→ Exercise requirements:
Print each line below verbatim, skipping every picture.

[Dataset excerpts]
┏━━

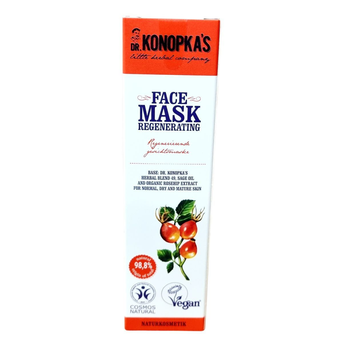 A Dr. Konopka's apró gyógynövényboltjában minden alkalomra találhat gyógyító készítményt. A regeneráló arcmaszk különleges, vitamindús és ásványi anyagokkal teli gyógynövény-esszencia alapján készült, amely a bőr táplálását és hidratálását segíti. A zsályaolajjal és organikus vadrózsa kivonattal kombinált formulája elősegíti a bőr regenerálódását, simábbá és ruganyosabbá téve azt. A termék 98,8%-ban természetes összetevőket tartalmaz, és megfelel a COSMOS NATURAL és Vegan természetes kozmetikai minősítéseknek, továbbá az európai GMP és ISO szabványoknak.
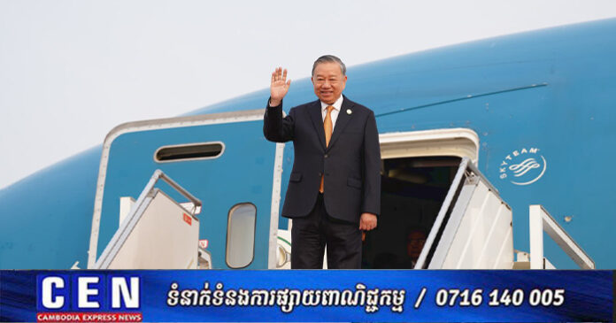 ភ្នំពេញ ៖ នៅព្រឹកថ្ងៃសុក្រ ទី៦ ខែកុម្ភៈ ឆ្នាំ២០២៦នេះ លោក តូ ឡឹម អគ្គលេខាធិការបក្សកុម្មុយនីស្តវៀតណាម ដែលជាឥស្សរជនដ៏មានឥទ្ធិពលរបស់វៀតណាម នាពេលបច្ចុប្បន្ន បានអញ្ជើញមកដល់ប្រទេសកម្ពុជាហើយ ដើម្បីបំពេញទស្សនកិច្ចផ្លូវរដ្ឋរយៈពេលមួយថ្ងៃ។
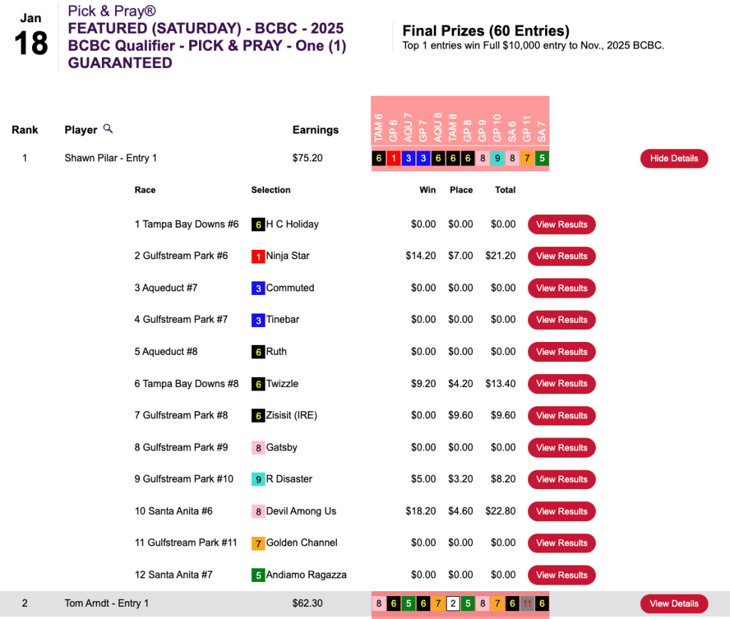 The same picks also landed Satyan on top of the leaderboard in Friday’s Pegasus World Cup Betting Championship qualifier.
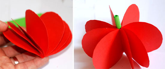 3. با مقوای سبز، یک لوله باریک درست کنید و آنرا در فضای خالی بین کاغذهای قرمز که از قبل چسبانده بودید، قرار دهید.
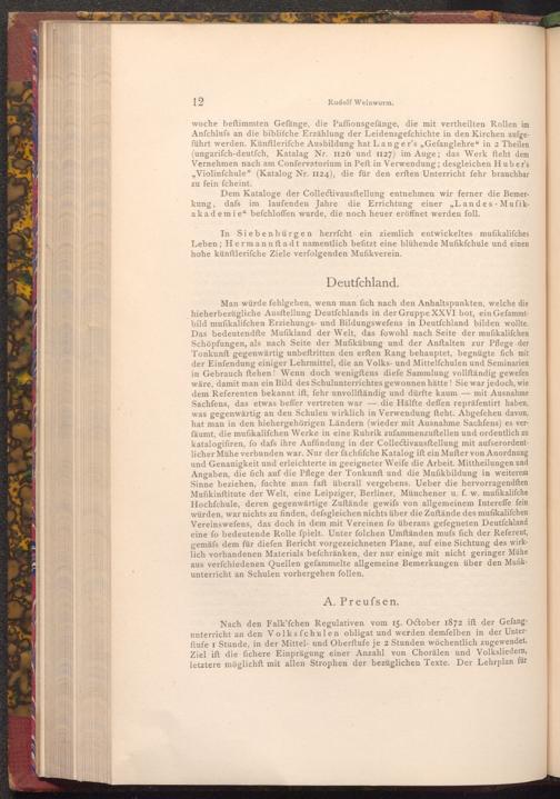 Man würde fehlgehen, wenn man fich nach den Anhaltspunkten, welche die hieherbezügliche Ausftellung Deutfchlands in der Gruppe XXVI bot, ein Gefammtbild mufikalifchen Erziehungs- und Bildungswefens in Deutſchland bilden wollte. Das bedeutendfte Mufikland der Welt, das fowohl nach Seite der mufikalifchen Schöpfungen, als nach Seite der Mufikübung und der Anftalten zur Pflege der Tonkunft gegenwärtig unbeftritten den erften Rang behauptet, begnügte fich mit der Einfendung einiger Lehrmittel, die an Volks- und Mittelfchulen und Seminarien in Gebrauch ſtehen! Wenn doch wenigftens diefe Sammlung vollſtändig gewefen wäre, damit man ein Bild des Schulunterrichtes gewonnen hätte! Sie war jedoch, wie dem Referenten bekannt ift, fehr unvollständig und dürfte kaum mit Ausnahme Sachfens, das etwas beffer vertreten war die Hälfte deffen repräfentirt haben, was gegenwärtig an den Schulen wirklich in Verwendung fteht. Abgefehen davon, hat man in den hiehergehörigen Ländern( wieder mit Ausnahme Sachfens) es verfäumt, die mufikalifchen Werke in eine Rubrik zufammenzuftellen und ordentlich zu katalogifiren, fo dafs ihre Auffindung in der Collectivausftellung mit aufserordentlicher Mühe verbunden war. Nur der fächfifche Katalog ift ein Muſter von Anordnung und Genauigkeit und erleichterte in geeigneter Weife die Arbeit. Mittheilungen und Angaben, die fich auf die Pflege der Tonkunft und die Mufikbildung in weiterem Sinne beziehen, fuchte man faft überall vergebens. Ueber die hervorragendften Mufikinftitute der Welt, eine Leipziger, Berliner, Münchener u. f. w. mufikalifche Hochfchule, deren gegenwärtige Zuftände gewifs von allgemeinem Intereffe fein würden, war nichts zu finden, defsgleichen nichts über die Zuftände des muſikaliſchen Vereinswefens, das doch in dem mit Vereinen fo überaus gefegneten Deutfchland eine fo bedeutende Rolle fpielt. Unter folchen Umftänden mufs fich der Referent, gemäfs dem für diefen Bericht vorgezeichneten Plane, auf eine Sichtung des wirklich vorhandenen Materials befchränken, der nur einige mit nicht geringer Mühe aus verfchiedenen Quellen gefammelte allgemeine Bemerkungen über den Musikunterricht an Schulen vorhergehen follen.
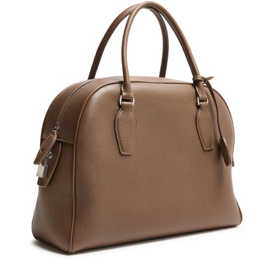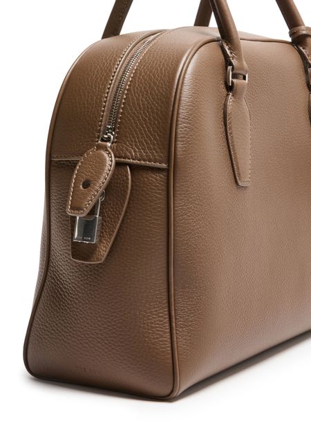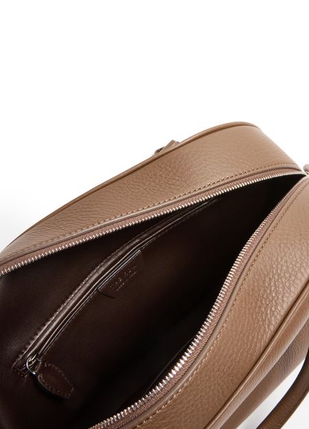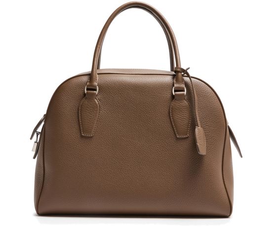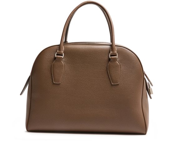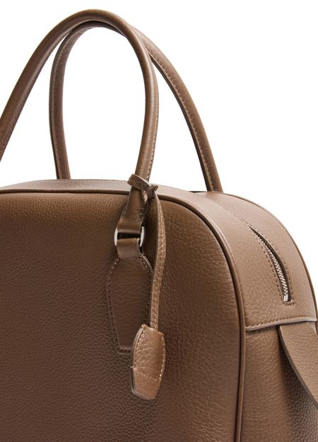 Reveal The Row's India 12 handbag, crafted from grained leather for a refined touch. Double handles and a zippered closure offer both style and security, while visible stitching and a spacious interior with a zippered pocket ensure practical elegance for everyday sophistication.
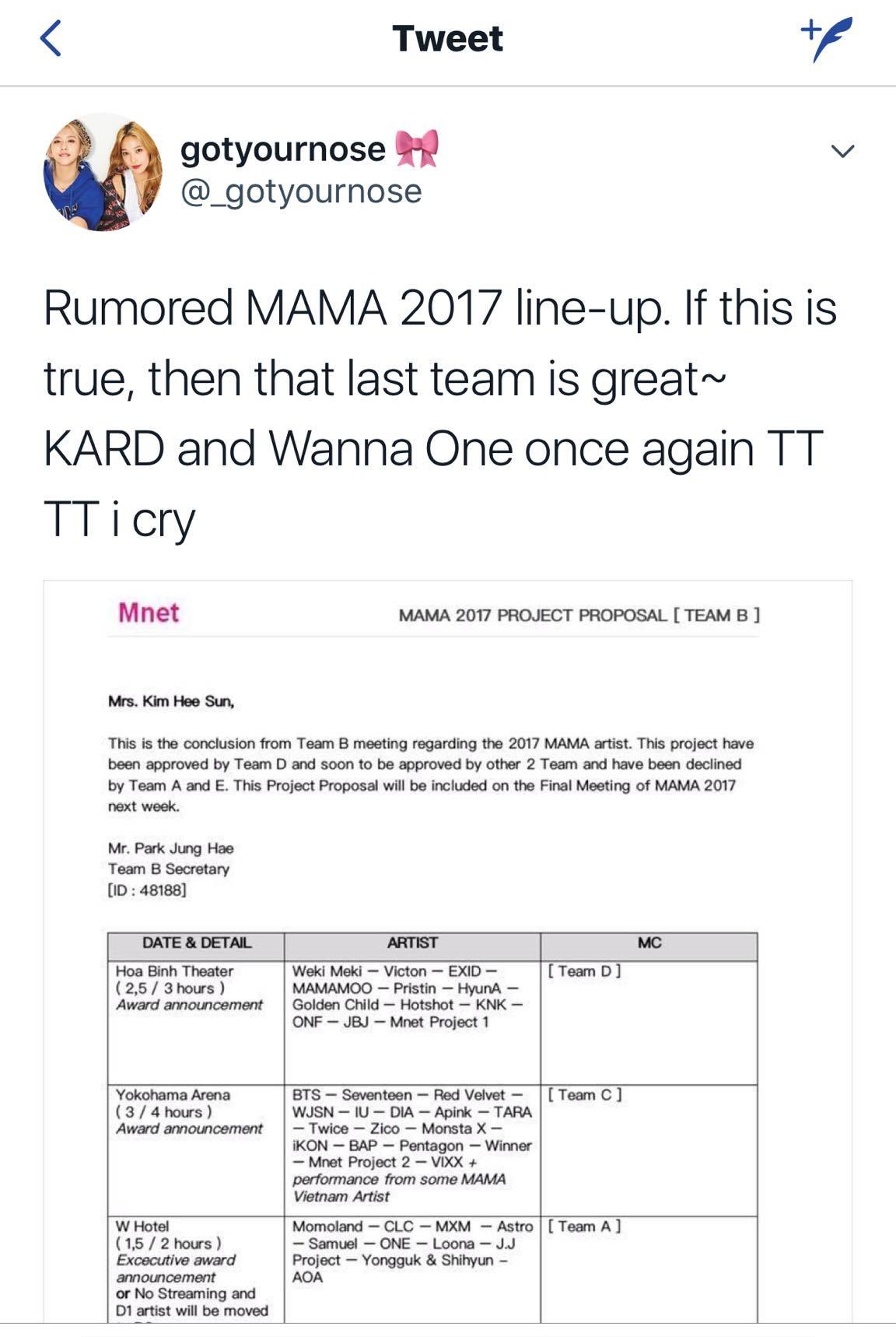 Và mới đây, 1 bức ảnh chưa rõ nguồn gốc nhưng đang lan truyền trên mạng với tốc độ chóng mặt về danh sách những nghệ sĩ sẽ tham gia tuần lễ MAMA khiến các fandom không thể làm ngơ. Theo như thông tin từ bức ảnh thì vào đêm 25/11 tại nhà hát Hoà Bình danh sách các nghệ sĩ sẽ quốc tế sẽ tham dự là: EXID, MAMAMOO, HyunA, Weki Weki, Pristin, Viction,…

┗━━

→ Task output:
 A Dr. Konopka's apró gyógynövényboltjában minden alkalomra találhat gyógyító készítményt. A regeneráló arcmaszk különleges, vitamindús és ásványi anyagokkal teli gyógynövény-esszencia alapján készült, amely a bőr táplálását és hidratálását segíti. A zsályaolajjal és organikus vadrózsa kivonattal kombinált formulája elősegíti a bőr regenerálódását, simábbá és ruganyosabbá téve azt. A termék 98,8%-ban természetes összetevőket tartalmaz, és megfelel a COSMOS NATURAL és Vegan természetes kozmetikai minősítéseknek, továbbá az európai GMP és ISO szabványoknak.
 ភ្នំពេញ ៖ នៅព្រឹកថ្ងៃសុក្រ ទី៦ ខែកុម្ភៈ ឆ្នាំ២០២៦នេះ លោក តូ ឡឹម អគ្គលេខាធិការបក្សកុម្មុយនីស្តវៀតណាម ដែលជាឥស្សរជនដ៏មានឥទ្ធិពលរបស់វៀតណាម នាពេលបច្ចុប្បន្ន បានអញ្ជើញមកដល់ប្រទេសកម្ពុជាហើយ ដើម្បីបំពេញទស្សនកិច្ចផ្លូវរដ្ឋរយៈពេលមួយថ្ងៃ។
 The same picks also landed Satyan on top of the leaderboard in Friday’s Pegasus World Cup Betting Championship qualifier.
 3. با مقوای سبز، یک لوله باریک درست کنید و آنرا در فضای خالی بین کاغذهای قرمز که از قبل چسبانده بودید، قرار دهید.
 Man würde fehlgehen, wenn man fich nach den Anhaltspunkten, welche die hieherbezügliche Ausftellung Deutfchlands in der Gruppe XXVI bot, ein Gefammtbild mufikalifchen Erziehungs- und Bildungswefens in Deutſchland bilden wollte. Das bedeutendfte Mufikland der Welt, das fowohl nach Seite der mufikalifchen Schöpfungen, als nach Seite der Mufikübung und der Anftalten zur Pflege der Tonkunft gegenwärtig unbeftritten den erften Rang behauptet, begnügte fich mit der Einfendung einiger Lehrmittel, die an Volks- und Mittelfchulen und Seminarien in Gebrauch ſtehen! Wenn doch wenigftens diefe Sammlung vollſtändig gewefen wäre, damit man ein Bild des Schulunterrichtes gewonnen hätte! Sie war jedoch, wie dem Referenten bekannt ift, fehr unvollständig und dürfte kaum mit Ausnahme Sachfens, das etwas beffer vertreten war die Hälfte deffen repräfentirt haben, was gegenwärtig an den Schulen wirklich in Verwendung fteht. Abgefehen davon, hat man in den hiehergehörigen Ländern( wieder mit Ausnahme Sachfens) es verfäumt, die mufikalifchen Werke in eine Rubrik zufammenzuftellen und ordentlich zu katalogifiren, fo dafs ihre Auffindung in der Collectivausftellung mit aufserordentlicher Mühe verbunden war. Nur der fächfifche Katalog ift ein Muſter von Anordnung und Genauigkeit und erleichterte in geeigneter Weife die Arbeit. Mittheilungen und Angaben, die fich auf die Pflege der Tonkunft und die Mufikbildung in weiterem Sinne beziehen, fuchte man faft überall vergebens. Ueber die hervorragendften Mufikinftitute der Welt, eine Leipziger, Berliner, Münchener u. f. w. mufikalifche Hochfchule, deren gegenwärtige Zuftände gewifs von allgemeinem Intereffe fein würden, war nichts zu finden, defsgleichen nichts über die Zuftände des muſikaliſchen Vereinswefens, das doch in dem mit Vereinen fo überaus gefegneten Deutfchland eine fo bedeutende Rolle fpielt. Unter folchen Umftänden mufs fich der Referent, gemäfs dem für diefen Bericht vorgezeichneten Plane, auf eine Sichtung des wirklich vorhandenen Materials befchränken, der nur einige mit nicht geringer Mühe aus verfchiedenen Quellen gefammelte allgemeine Bemerkungen über den Musikunterricht an Schulen vorhergehen follen.
 Reveal The Row's India 12 handbag, crafted from grained leather for a refined touch. Double handles and a zippered closure offer both style and security, while visible stitching and a spacious interior with a zippered pocket ensure practical elegance for everyday sophistication.
 Và mới đây, 1 bức ảnh chưa rõ nguồn gốc nhưng đang lan truyền trên mạng với tốc độ chóng mặt về danh sách những nghệ sĩ sẽ tham gia tuần lễ MAMA khiến các fandom không thể làm ngơ. Theo như thông tin từ bức ảnh thì vào đêm 25/11 tại nhà hát Hoà Bình danh sách các nghệ sĩ sẽ quốc tế sẽ tham dự là: EXID, MAMAMOO, HyunA, Weki Weki, Pristin, Viction,…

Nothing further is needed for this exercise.